Now, $x+2 \sqrt{5}=0$

$\Rightarrow \quad x=-2 \sqrt{5}$ and $3 x-\sqrt{5}=0$

$\Rightarrow \quad x=\frac{\sqrt{5}}{3}$

Hence, the roots of the equation $3 x^{2}+5 \sqrt{5} x-10=0$ are $-2 \sqrt{5}$ and $\frac{\sqrt{5}}{3}$.

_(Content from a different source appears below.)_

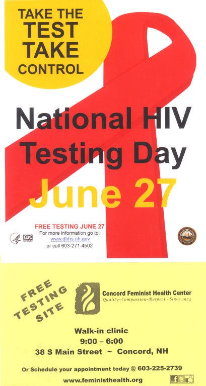 The Concord Feminist Health Center encourages you to come in Thursday, June 27th for a FREE and CONFIDENTIAL HIV test. Results are available in 20 minutes and it is a simply mouth swab. Health Counselors will be on hand to answer any questions you may have. In hopes of encouraging more people to get tested we are offering this service with the need to make an advance appointment. You are welcome to schedule a time by calling 225.2739 but you don't have to. We can also offer you the Hepitits C test for a cost of $15 and the results for that are also available in 20 minutes. Baby Boomers are strongly encouraged to be tested for Hep C. We are conveniently located at the corner of 38 South Main Street and 4 Thompson Streets. "Take the Test - Take Control"

(v) Given equation is $21 x^{2}-2 x+\frac{1}{21}=0$.

On multiplying by 21 on both sides, we get

$441 x^{2}-42 x+1=0$

$441 x^{2}-(21 x+21 x)+1=0$ [by splitting the middle term]

$\Rightarrow \quad 441 x^{2}-21 x-21 x+1=0$

$\Rightarrow \quad 21 x(21 x-1)-1(21 x-1)=0$

$\Rightarrow \quad(21 x-1)(21 x-1)=0$

Now, $21 x-1=0 \Rightarrow x=\frac{1}{21}$ and $21 x-1=0$

$\therefore$ $x=\frac{1}{21}$

Hence, the roots of the equation $441 x^{2}-42 x+1=0$ are $\frac{1}{21}$ and $\frac{1}{21}$.